§ **EXERCISE DETAILS**
Transcribe nothing except the lines below that run from the one with "Karla IV., který" to the one with "Perfect for kitchens, home", ends included, and do not copy any picture.

§ **RECORDS FOR THE TASK**
>>>>>

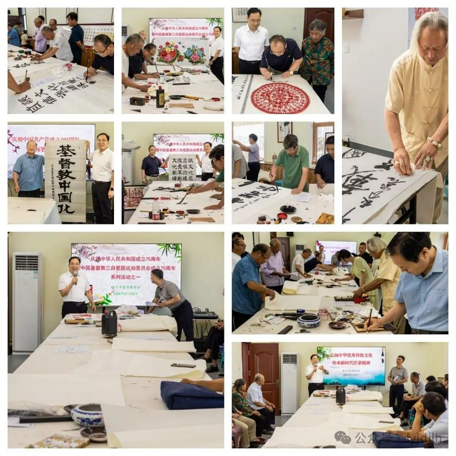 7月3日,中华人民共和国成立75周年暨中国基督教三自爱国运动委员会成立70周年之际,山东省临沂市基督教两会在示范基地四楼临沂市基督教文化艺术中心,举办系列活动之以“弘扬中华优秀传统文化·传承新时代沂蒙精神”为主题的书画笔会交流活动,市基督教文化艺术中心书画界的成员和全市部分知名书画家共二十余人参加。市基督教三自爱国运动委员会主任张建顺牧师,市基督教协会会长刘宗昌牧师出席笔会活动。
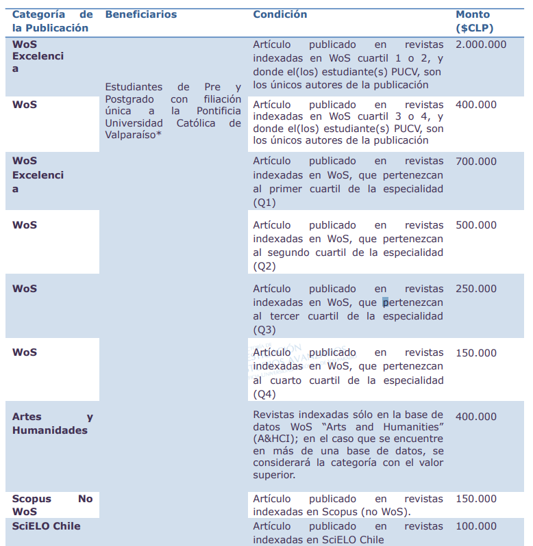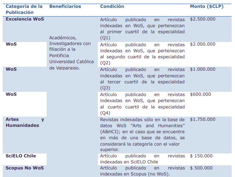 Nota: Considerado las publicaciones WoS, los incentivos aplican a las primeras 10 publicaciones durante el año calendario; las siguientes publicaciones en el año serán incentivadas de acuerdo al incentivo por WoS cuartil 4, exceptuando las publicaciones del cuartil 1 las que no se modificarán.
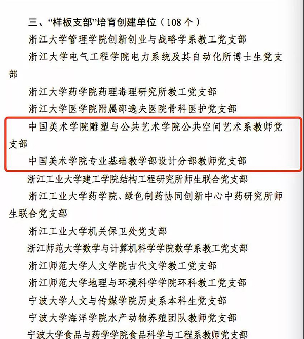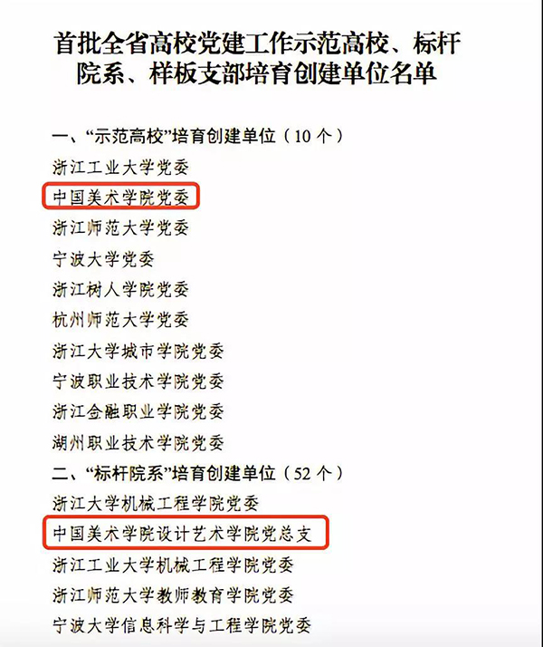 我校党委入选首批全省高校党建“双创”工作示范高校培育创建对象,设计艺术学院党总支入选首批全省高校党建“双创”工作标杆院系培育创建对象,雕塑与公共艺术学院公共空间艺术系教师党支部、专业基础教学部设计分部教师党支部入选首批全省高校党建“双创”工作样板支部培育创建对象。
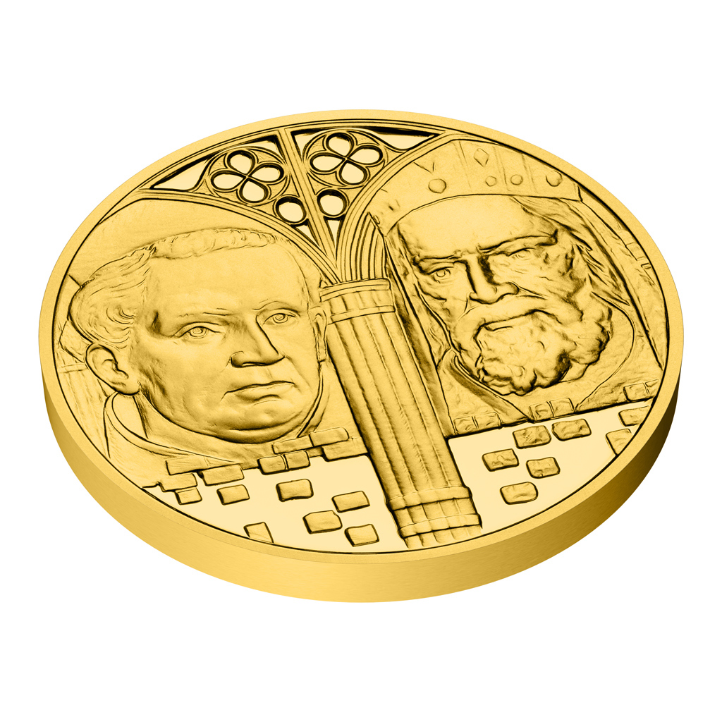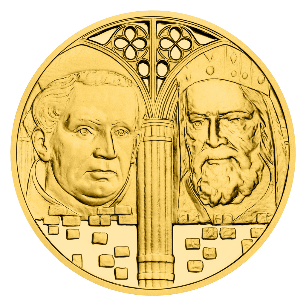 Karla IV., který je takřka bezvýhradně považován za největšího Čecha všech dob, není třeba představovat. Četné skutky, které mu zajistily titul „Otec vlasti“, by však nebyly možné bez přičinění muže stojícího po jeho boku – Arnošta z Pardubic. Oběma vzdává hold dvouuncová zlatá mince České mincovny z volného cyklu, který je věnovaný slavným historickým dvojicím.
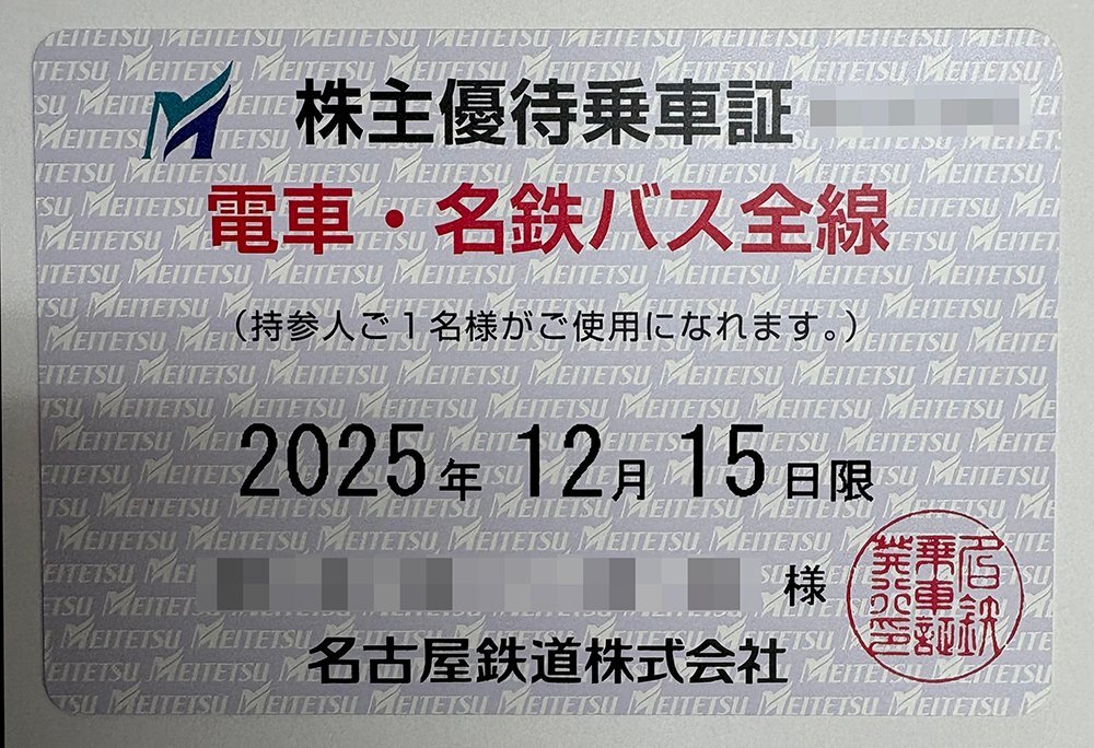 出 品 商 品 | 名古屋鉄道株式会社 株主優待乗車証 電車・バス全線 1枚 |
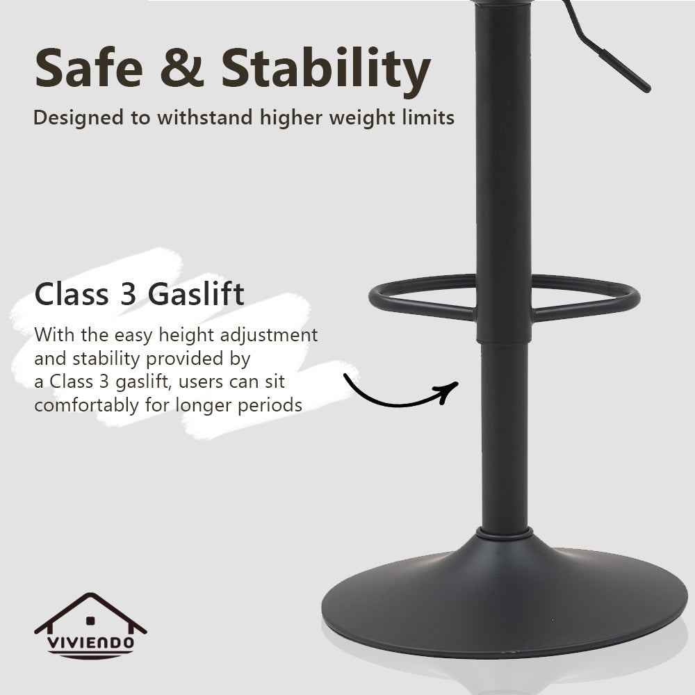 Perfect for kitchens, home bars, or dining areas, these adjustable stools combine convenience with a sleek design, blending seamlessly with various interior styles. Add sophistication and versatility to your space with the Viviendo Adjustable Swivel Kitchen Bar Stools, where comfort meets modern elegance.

<<<<<
>>>>>

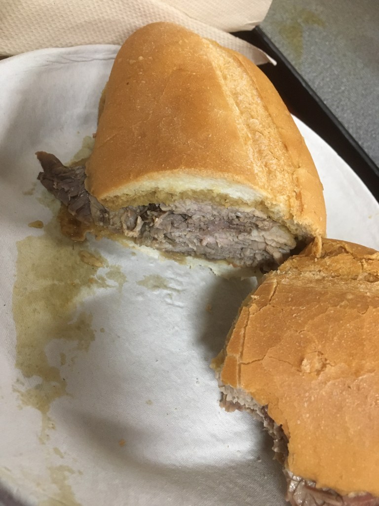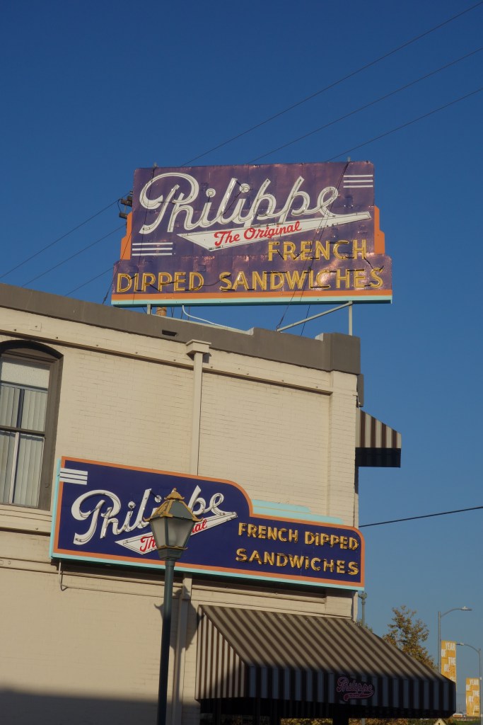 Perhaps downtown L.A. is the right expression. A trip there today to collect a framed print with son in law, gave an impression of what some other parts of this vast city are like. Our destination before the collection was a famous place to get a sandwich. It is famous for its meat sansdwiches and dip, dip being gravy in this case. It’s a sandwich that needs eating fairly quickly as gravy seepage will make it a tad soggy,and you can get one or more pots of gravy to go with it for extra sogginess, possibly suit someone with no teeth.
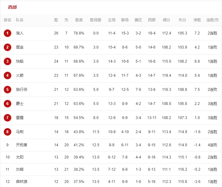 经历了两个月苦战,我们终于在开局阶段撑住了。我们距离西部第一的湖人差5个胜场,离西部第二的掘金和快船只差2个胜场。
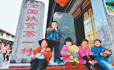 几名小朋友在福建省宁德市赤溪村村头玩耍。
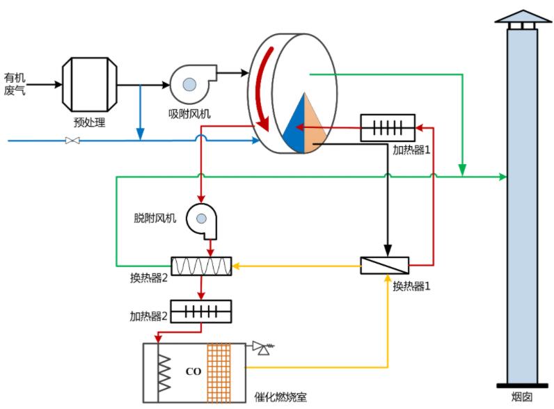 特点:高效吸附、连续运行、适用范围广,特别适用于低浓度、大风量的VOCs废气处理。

<<<<<
>>>>>

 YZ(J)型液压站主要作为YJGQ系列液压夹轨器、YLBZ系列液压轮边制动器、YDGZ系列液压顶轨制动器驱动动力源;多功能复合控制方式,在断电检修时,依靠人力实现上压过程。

<<<<<

§ **OUTPUT**
 Karla IV., který je takřka bezvýhradně považován za největšího Čecha všech dob, není třeba představovat. Četné skutky, které mu zajistily titul „Otec vlasti“, by však nebyly možné bez přičinění muže stojícího po jeho boku – Arnošta z Pardubic. Oběma vzdává hold dvouuncová zlatá mince České mincovny z volného cyklu, který je věnovaný slavným historickým dvojicím.
 出 品 商 品 | 名古屋鉄道株式会社 株主優待乗車証 電車・バス全線 1枚 |
 Perfect for kitchens, home bars, or dining areas, these adjustable stools combine convenience with a sleek design, blending seamlessly with various interior styles. Add sophistication and versatility to your space with the Viviendo Adjustable Swivel Kitchen Bar Stools, where comfort meets modern elegance.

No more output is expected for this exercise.